Datasets

Below is the list of built-in datasets added by ROSE. Other datasets built by Cornac can be found in the Cornac documentation.

Goodreads

This data is built based on the GoodReads dataset.

cornac.datasets.goodreads.load_feedback(fpath, fmt='UIR', sep=',', skip_lines=0, reader: Reader = None) List[source]

Load the user-item ratings, scale: [1,5]

Parameters:
  • fpath (file path to xx-rating.txt)

  • reader (obj:cornac.data.Reader, default: None) – Reader object used to read the data.

Returns:

data – Data in the form of a list of tuples (user, item, rating).

Return type:

array-like

cornac.datasets.goodreads.load_sentiment(reader: Reader = None) List[source]

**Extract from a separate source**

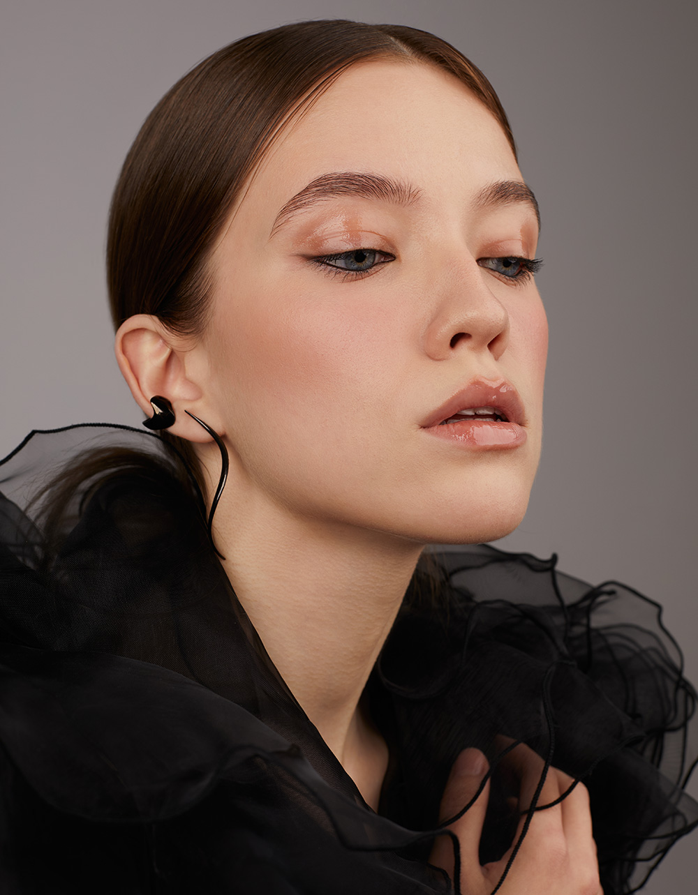 Nausznica Galaxy, wykonana ze srebra próby 925 i pokryte rutenem.

Load the user-item-sentiments The dataset was constructed by the method described in the reference paper.

Parameters:

reader (obj:cornac.data.Reader, default: None) – Reader object used to read the data.

Returns:

data – Data in the form of a list of tuples (user, item, [(aspect, opinion, sentiment), (aspect, opinion, sentiment), …]).

Return type:

array-like

References

[1] Gao, J., Wang, X., Wang, Y., & Xie, X. (2019). Explainable Recommendation Through Attentive Multi-View Learning. AAAI.

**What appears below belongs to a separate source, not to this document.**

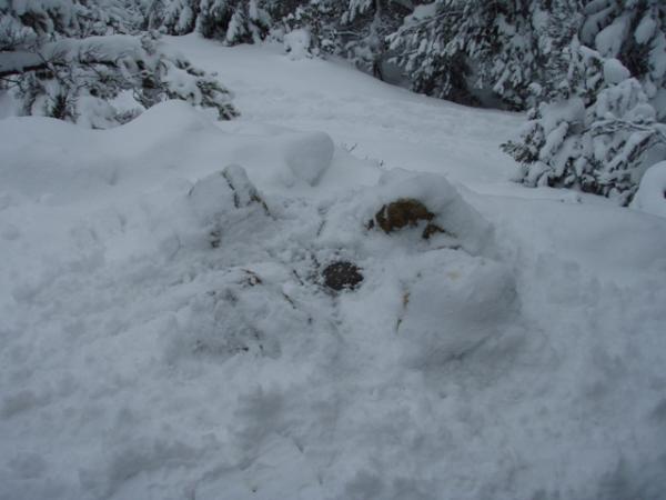 先に進むにつれて雪の積もった低木が重みで登山道に倒れ掛かっており、高さの低いトンネル状態に…。無理して進むと頭上に雪がドサーッと落ちてくるので、屈み込んだ姿勢でしか通過できず、足腰への負担が激しい道程でした。反射板周辺は展望が良く、隣の竜ヶ岳が望めます。三角点から約45分で地蔵山の山頂に到着。三角点あり、展望なし。気温3度、積雪30cmぐらい。日当たり良好。

cornac.datasets.goodreads.prepare_data(data_name='goodreads', test_size=0.2, dense=False, verbose=False, seed=42, item=True, user=False, sample_size=0.1)[source]

Prepare data for the GoodReads dataset. Generate the data split for the dataset.

Parameters:
  • data_name (str, default: 'goodreads') –

    Name of the dataset to be prepared.

    Options: ‘goodreads’, ‘goodreads_uir’, ‘goodreads_uir_1000’, ‘goodreads_limers’

    • ’goodreads’: user-item-rating with sentiment data.

    • ’goodreads_uir’: user-item-rating data in the whole dataset.

    • ’goodreads_uir_1000’: user-item-rating data with 1000 samples.

    • ’goodreads_limers’: user-item-rating data with item genres and user aspects.

  • test_size (float, default: 0.2) – The proportion of the dataset to include in the test split.

  • dense (bool, default: False) – If True, use the dense version of the dataset.

  • verbose (bool, default: False) – If True, print out messages.

  • seed (int, default: 42) – Random seed.

  • item (bool, default: True) – If True, include item genres when preparing ‘goodreads_limers’.

  • user (bool, default: False) – If True, include user aspects when preparing ‘goodreads_limers’.

  • sample_size (float, default: 0.1) – The proportion of the dataset to include in the split.

Returns:

rs – The data split.

Return type:

obj:cornac.eval_methods.RatioSplit